Which is exactly what she'd doing at the moment. Winslet's next film will be the small-scaled Hideous Kinky, based on the novel by the real-life granddaughter of Sigmund Freud, in which she plays a hippie mom who ran away to spend years in Morocco with her kids in the early 70s. "Neither my agent here or in London got the script at all or why I wanted to do it," she says about Hideous Kinky. "The mother I play is very carefree and not necessarily as domestic as a normal parent would be. My agent said, 'Don't you think people are going to say, 'Why is she playing this woman who's basically not a very good mother?'' When agents don't like what I like, I have to say, 'You have to listen to me and this is what I want to do. I'd really appreciate it if you would work on this and help me. This is falling at a really important time in my life - a time I feel I should go and do it.' I'm an actor. I have to do just that. The other, business side of that - doing publicity, choosing things that may get a big audience - is a totally different thing."

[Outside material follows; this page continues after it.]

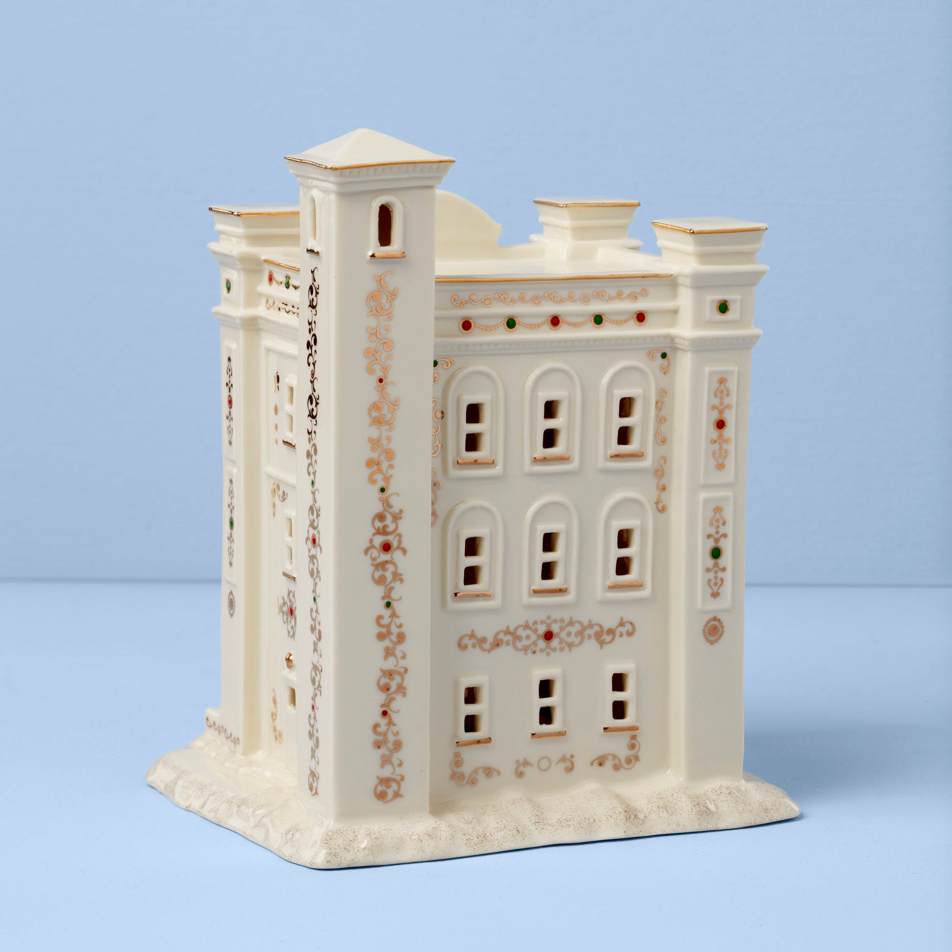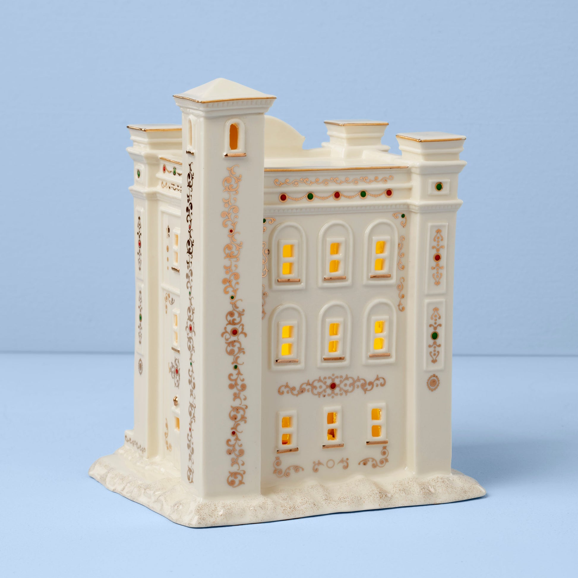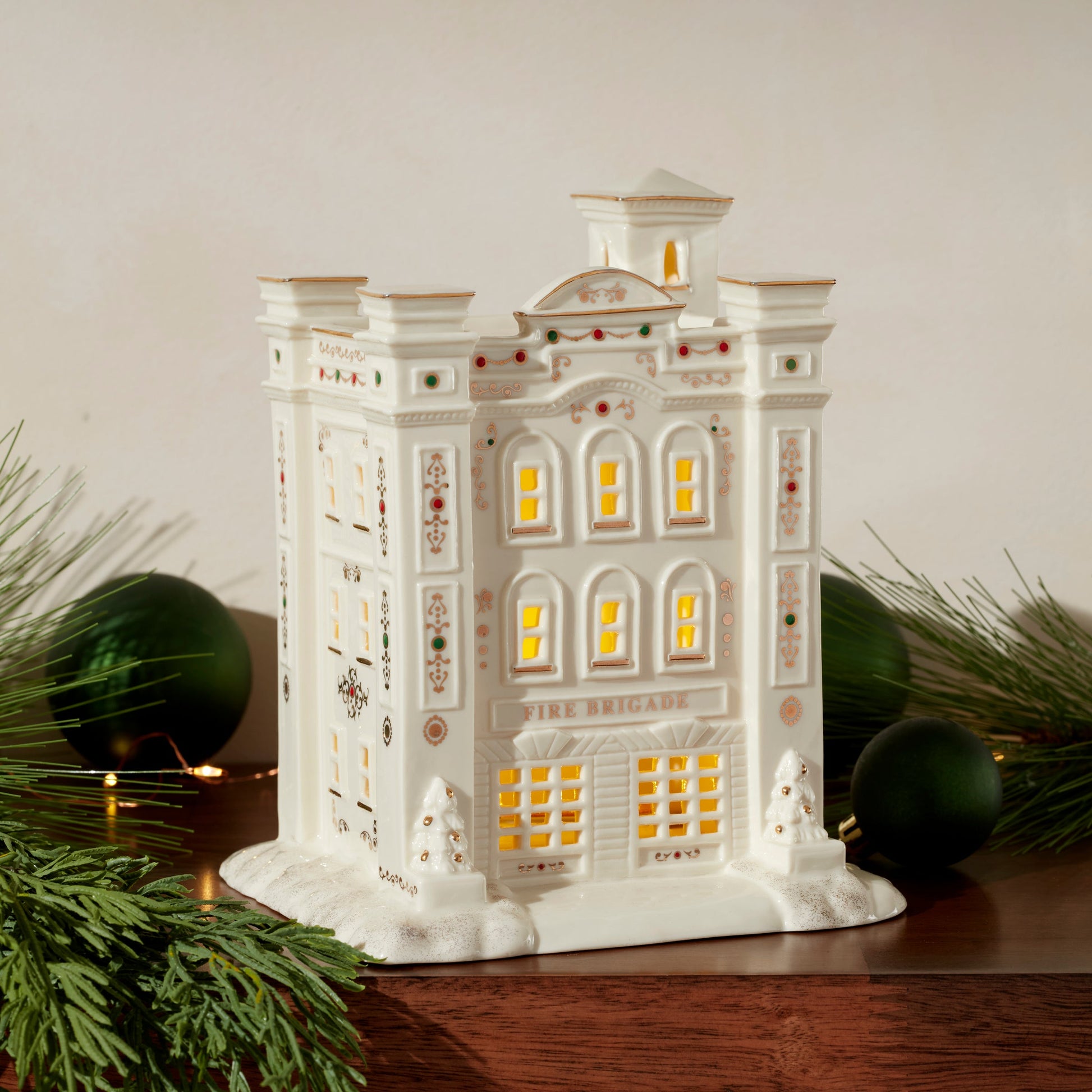 Cette figurine lumineuse représentant une caserne de pompiers est fabriquée en porcelaine crème et s'illumine doucement de l'intérieur pour créer une atmosphère chaleureuse. Décorée à la main avec des touches d'or 24 carats pour une finition éclatante, elle ajoutera une touche de charme à votre collection Mistletoe Park Village Traditions ou à toute décoration de cheminée de Noël !

I tell Winslet she strikes me as a terrific combination of good sense and age-appropriate inner chaos, to which she responds, "Personally, morally and emotionally, I sometimes feel I'm in complete turmoil. I really don't know who I am. I still feel like I've got a hell of a lot to learn, you know? But I would hope not to know who I am at 22, right?" Right she is, and whatever she learns, she'll be fascinating to watch all along. Very Winslet of her, I think.